- _EXERCISE INSTRUCTIONS_: Begin at the top of the records below and return each line exactly through the line with "和傘の骨組みは、1本の竹を均". Skip pictures.

[Data entries]

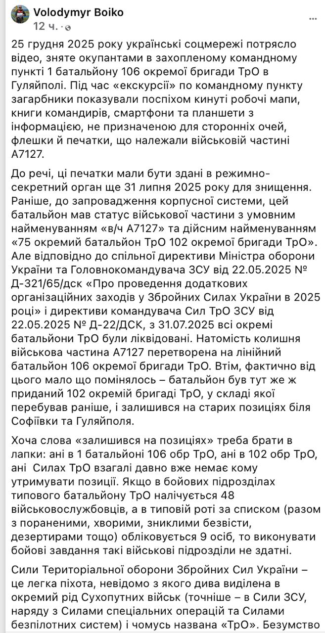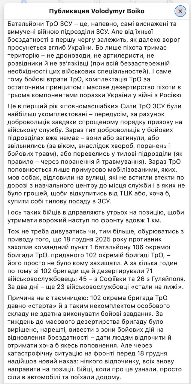 102 отдельная бригада ТрО давно "стёрта": Гуляйполе, как симптом краха ВСУ, пишет украинский военный эксперт
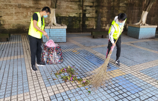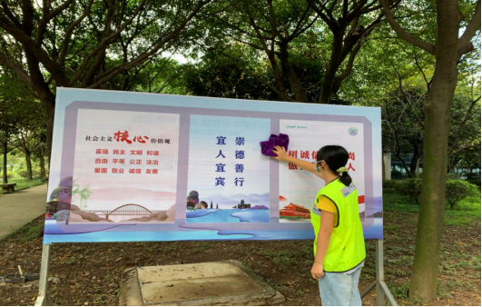 志愿者们在宣传活动结束后,随即在校园内开展了“干干净净迎国庆”集中志愿服务活动。他们怀着对学校的热爱与对国庆的祝福,积极参与分区域卫生清洁工作,清除校园死角垃圾,并对墙面宣传栏逐一擦拭。
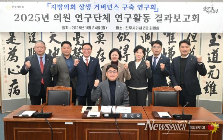 뉴스펀치 김길룡 기자 | 진주시의회는 지난 24일 의원 연구단체 ‘지방의회 상생거버넌스 구축 연구회’가 최종 연구활동 결과보고회를 개최했다고 밝혔다.
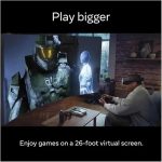 Transform any space into your own personal gaming arena with a virtual screen that can stretch up to 26 feet
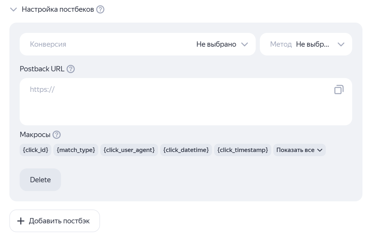 Постбеки используются при проведении CPI/CPA кампаний. Для одного трекера можно добавить до 10 постбеков.
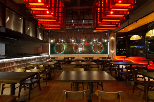 暖色系射灯和座椅,以及绿植的点缀,也使得该区域也呈现出自然、沉稳、平和的氛围。一墙之隔的另一公共区域,则运用红绿配色演绎了东方国潮美学。
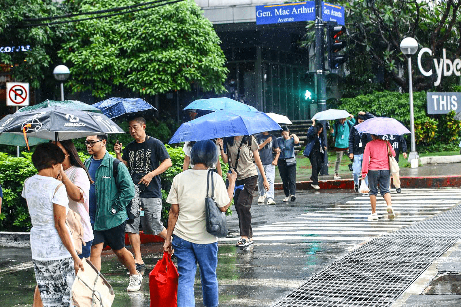 Pedestrians endure another rainy weather in Cubao, Quezon City on Friday (Oct. 3, 2025), mainly due to the effects of tropical cyclone Paolo. Downgraded from typhoon to severe tropical storm as of 2 p.m., Paolo is forecast to exit the Philippine Area of Responsibility Saturday (Oct. 4) morning. (PNA photo by Joan Bondoc)
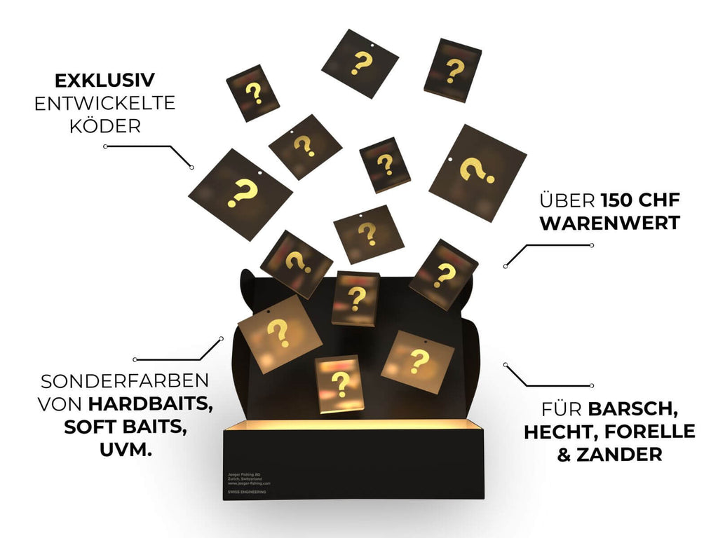 Mit über 150 CHF Warenwert bietet die Box alles, was man für ein gelungenes Angeljahr braucht – von exklusiven Ködern bis hin zu praktischen Accessoires. Alles ist abgestimmt auf die vier beliebtesten Zielfische: Barsch, Hecht, Forelle und Zander.
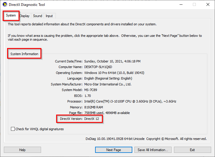 - You’ll see the tool launch. You’ll find the DirectX Version mentioned under System Information.
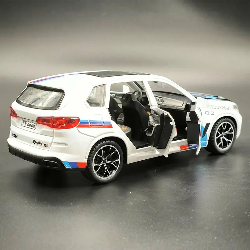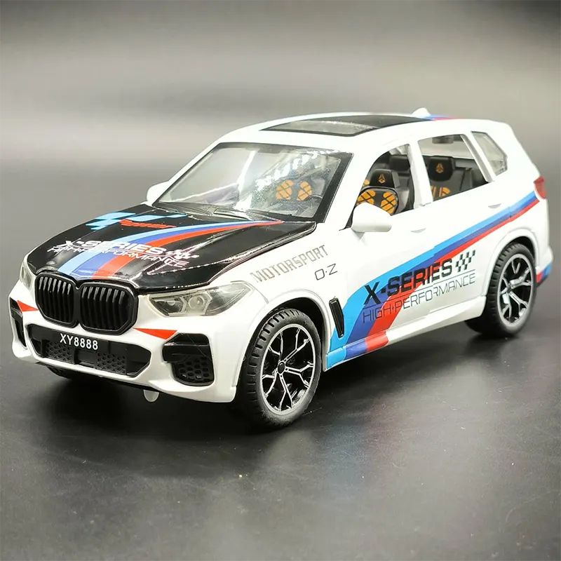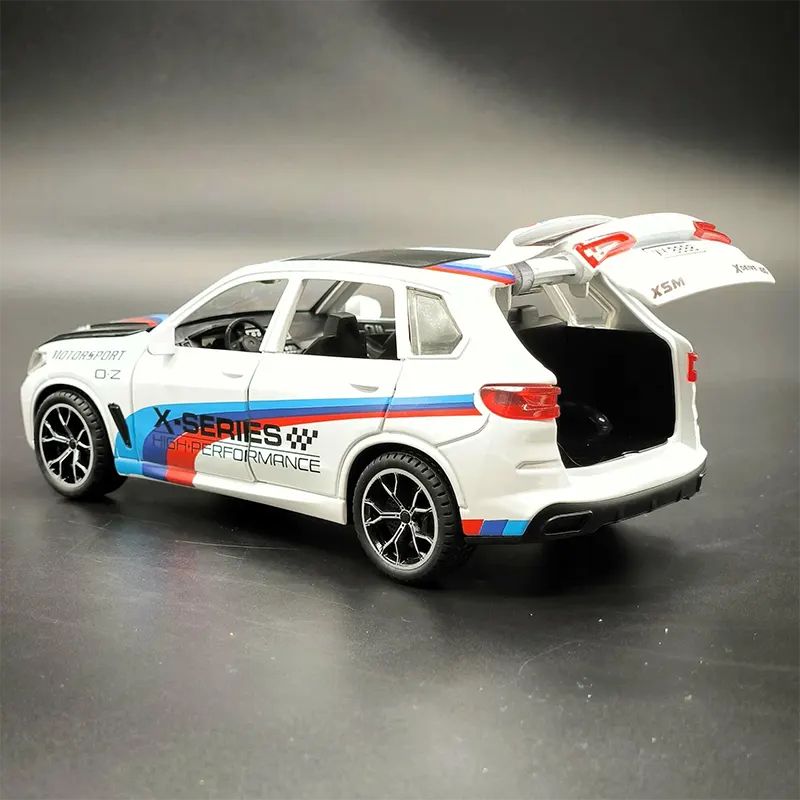 Спортната визия в бял цвят с M-серия ленти и надписи „X-Series High Performance“ придава динамичен характер и прави модела подходящ както за колекционери, така и за любители на автомобилите.
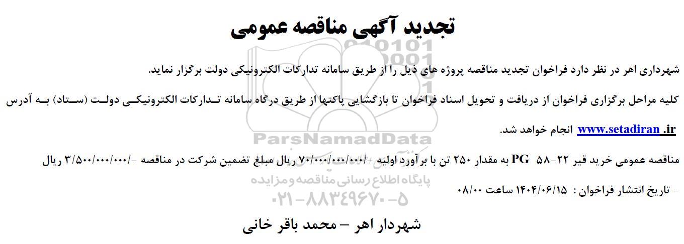برای شرکت در مناقصه حتما از تصویر آگهی در سایت پارس نماد داده ها استفاده نمایید
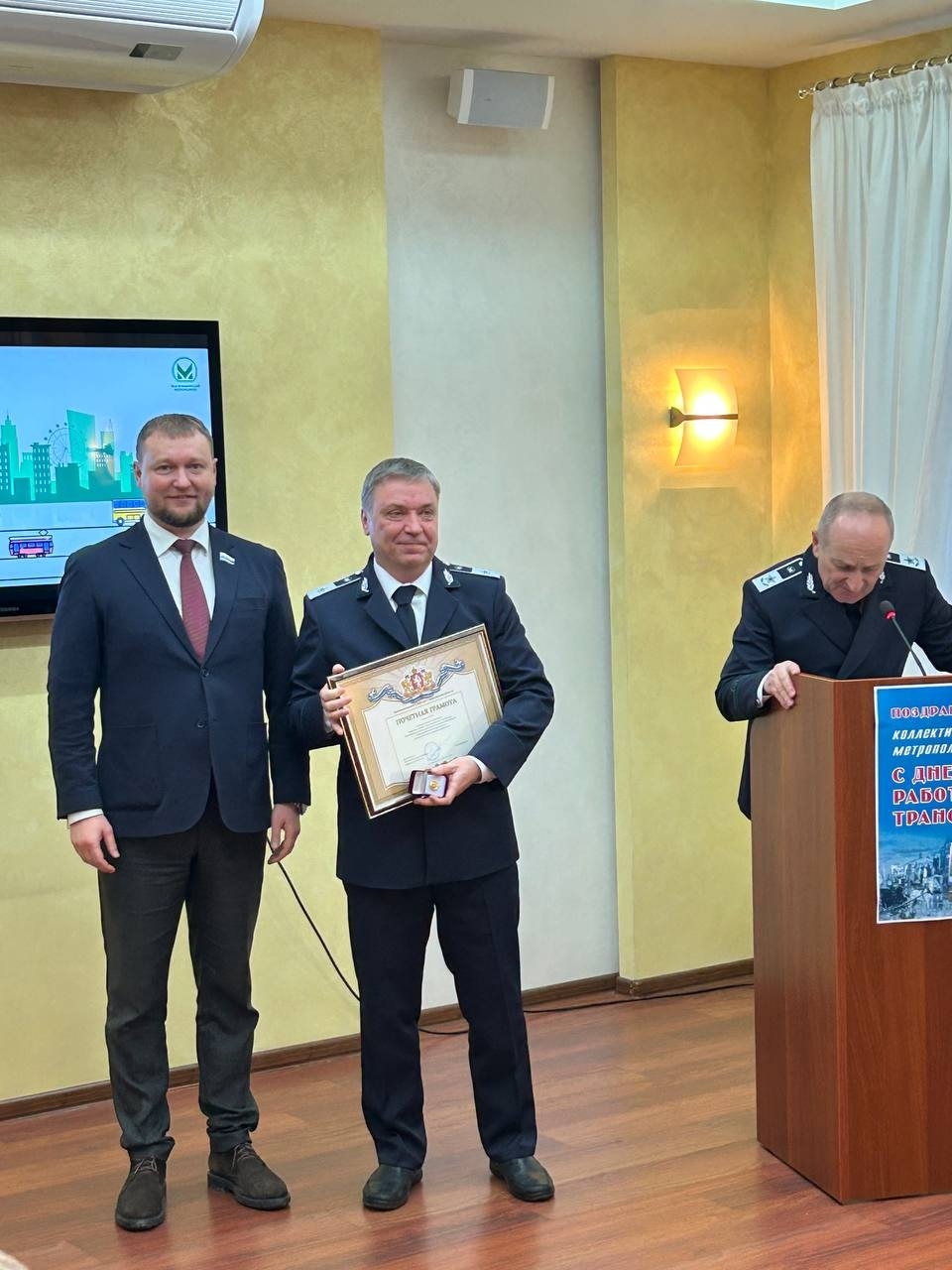 «От всей души желаю работникам транспортного комплекса крепчайшего здоровья, профессиональных успехов, безопасной дороги и бесперебойной работы оборудования! Пусть ваша работа приносит радость пассажирам и гордость самим себе!»,– сказал Владимир Смирнов.
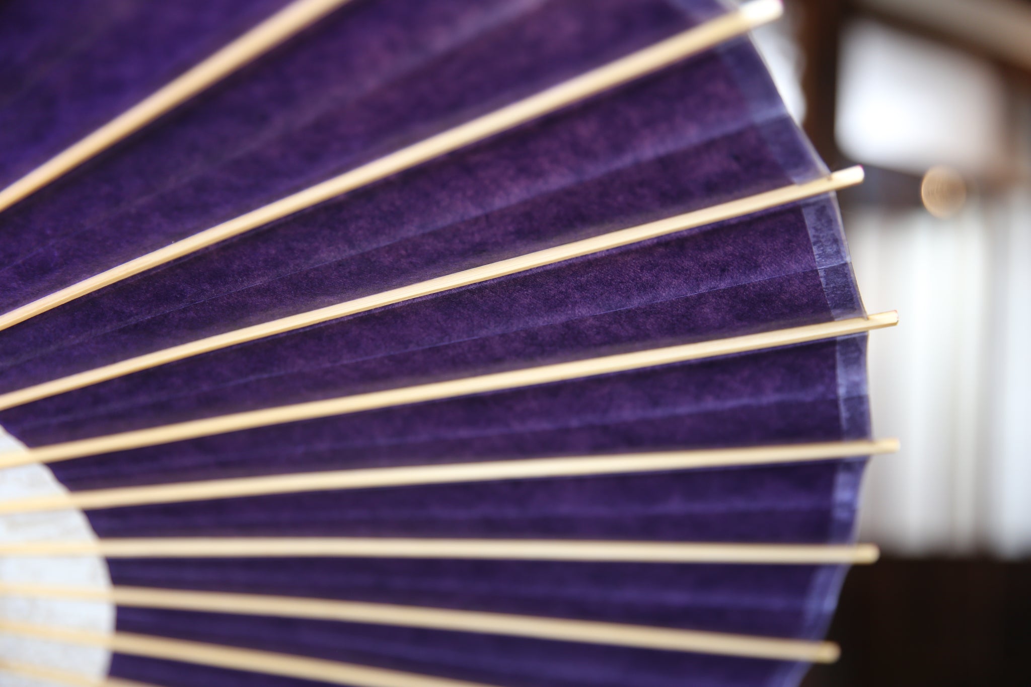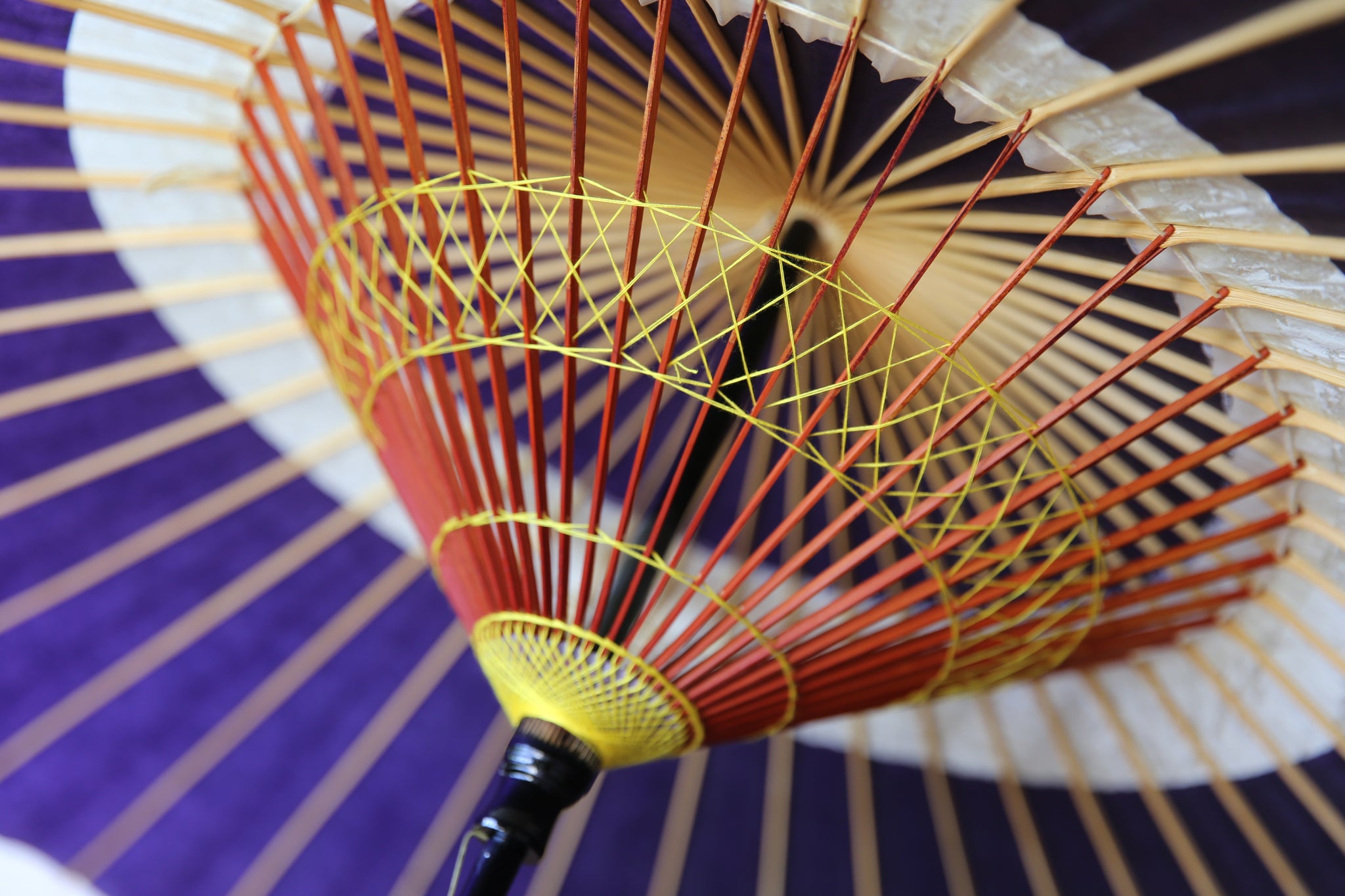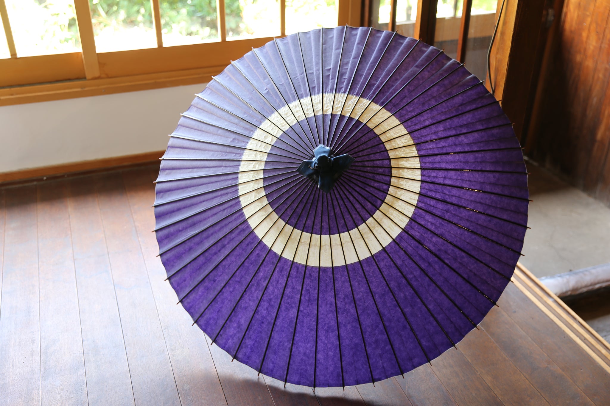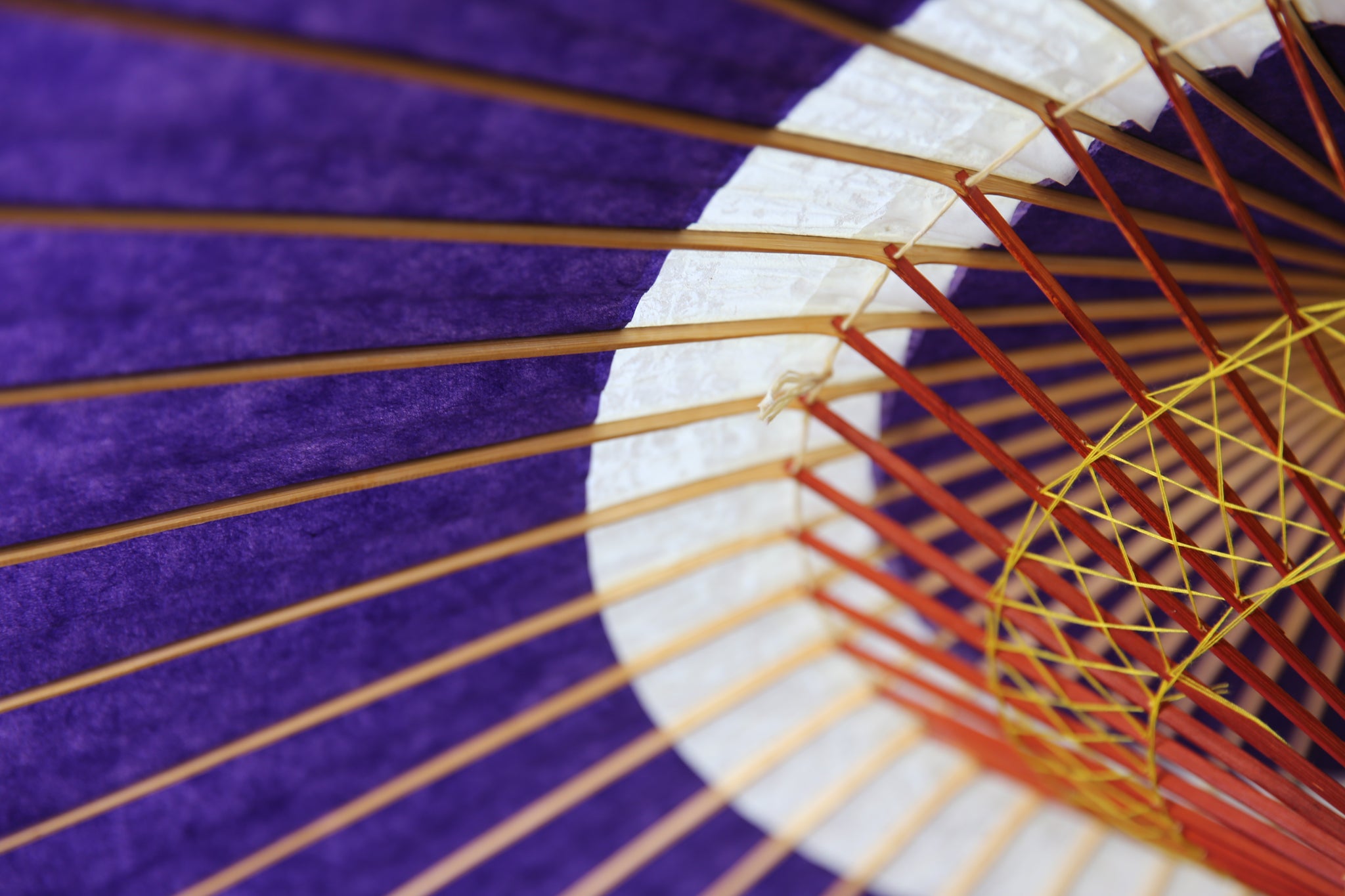 和傘の骨組みは、1本の竹を均等に割り、傘を畳んだ際に元の竹に戻るように組まれています。
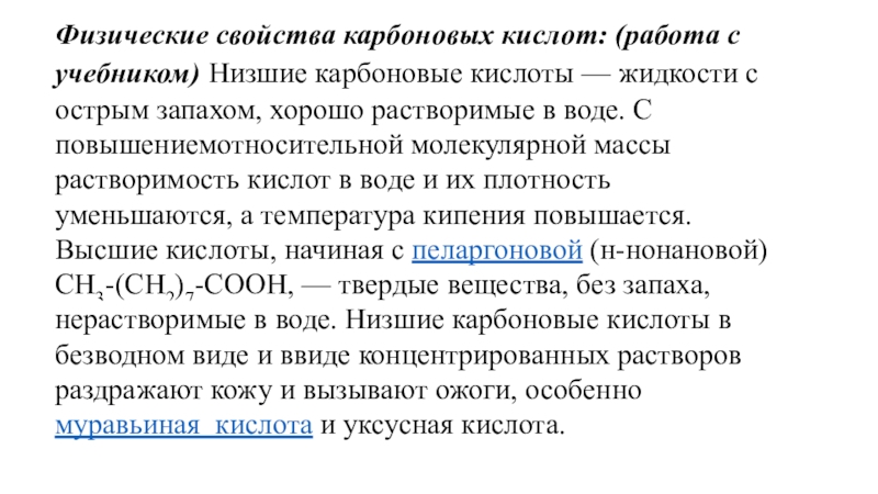 с острым запахом, хорошо растворимые в воде. С повышениемотносительной молекулярной массы растворимость кислот в воде и их плотность уменьшаются, а температура кипения повышается. Высшие кислоты, начиная с пеларгоновой (н-нонановой) СН3-(СН2)7-СООН, — твердые вещества, без запаха, нерастворимые в воде. Низшие карбоновые кислоты в безводном виде и ввиде концентрированных растворов раздражают кожу и вызывают ожоги, особенно муравьиная кислота и уксусная кислота.
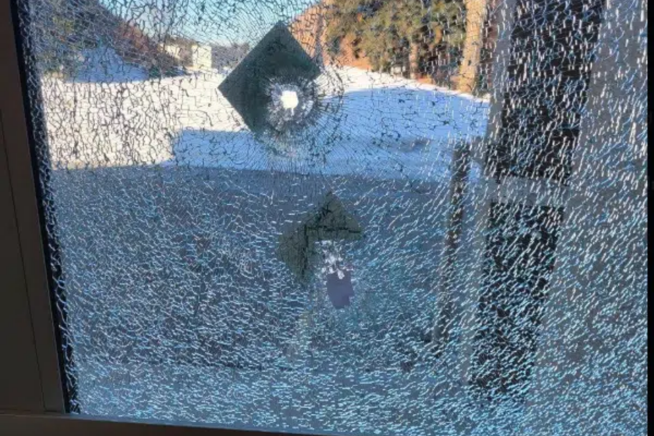 | A window at Temple Emanu-El synagogue in Toronto’s North York district shows bullet damage after gunfire struck the building, March 3, 2026. Credit: CAM. |

- _TASK ANSWER_:
 102 отдельная бригада ТрО давно "стёрта": Гуляйполе, как симптом краха ВСУ, пишет украинский военный эксперт
 志愿者们在宣传活动结束后,随即在校园内开展了“干干净净迎国庆”集中志愿服务活动。他们怀着对学校的热爱与对国庆的祝福,积极参与分区域卫生清洁工作,清除校园死角垃圾,并对墙面宣传栏逐一擦拭。
 뉴스펀치 김길룡 기자 | 진주시의회는 지난 24일 의원 연구단체 ‘지방의회 상생거버넌스 구축 연구회’가 최종 연구활동 결과보고회를 개최했다고 밝혔다.
 Transform any space into your own personal gaming arena with a virtual screen that can stretch up to 26 feet
 Постбеки используются при проведении CPI/CPA кампаний. Для одного трекера можно добавить до 10 постбеков.
 暖色系射灯和座椅,以及绿植的点缀,也使得该区域也呈现出自然、沉稳、平和的氛围。一墙之隔的另一公共区域,则运用红绿配色演绎了东方国潮美学。
 Pedestrians endure another rainy weather in Cubao, Quezon City on Friday (Oct. 3, 2025), mainly due to the effects of tropical cyclone Paolo. Downgraded from typhoon to severe tropical storm as of 2 p.m., Paolo is forecast to exit the Philippine Area of Responsibility Saturday (Oct. 4) morning. (PNA photo by Joan Bondoc)
 Mit über 150 CHF Warenwert bietet die Box alles, was man für ein gelungenes Angeljahr braucht – von exklusiven Ködern bis hin zu praktischen Accessoires. Alles ist abgestimmt auf die vier beliebtesten Zielfische: Barsch, Hecht, Forelle und Zander.
 - You’ll see the tool launch. You’ll find the DirectX Version mentioned under System Information.
 Спортната визия в бял цвят с M-серия ленти и надписи „X-Series High Performance“ придава динамичен характер и прави модела подходящ както за колекционери, така и за любители на автомобилите.
برای شرکت در مناقصه حتما از تصویر آگهی در سایت پارس نماد داده ها استفاده نمایید
 «От всей души желаю работникам транспортного комплекса крепчайшего здоровья, профессиональных успехов, безопасной дороги и бесперебойной работы оборудования! Пусть ваша работа приносит радость пассажирам и гордость самим себе!»,– сказал Владимир Смирнов.
 和傘の骨組みは、1本の竹を均等に割り、傘を畳んだ際に元の竹に戻るように組まれています。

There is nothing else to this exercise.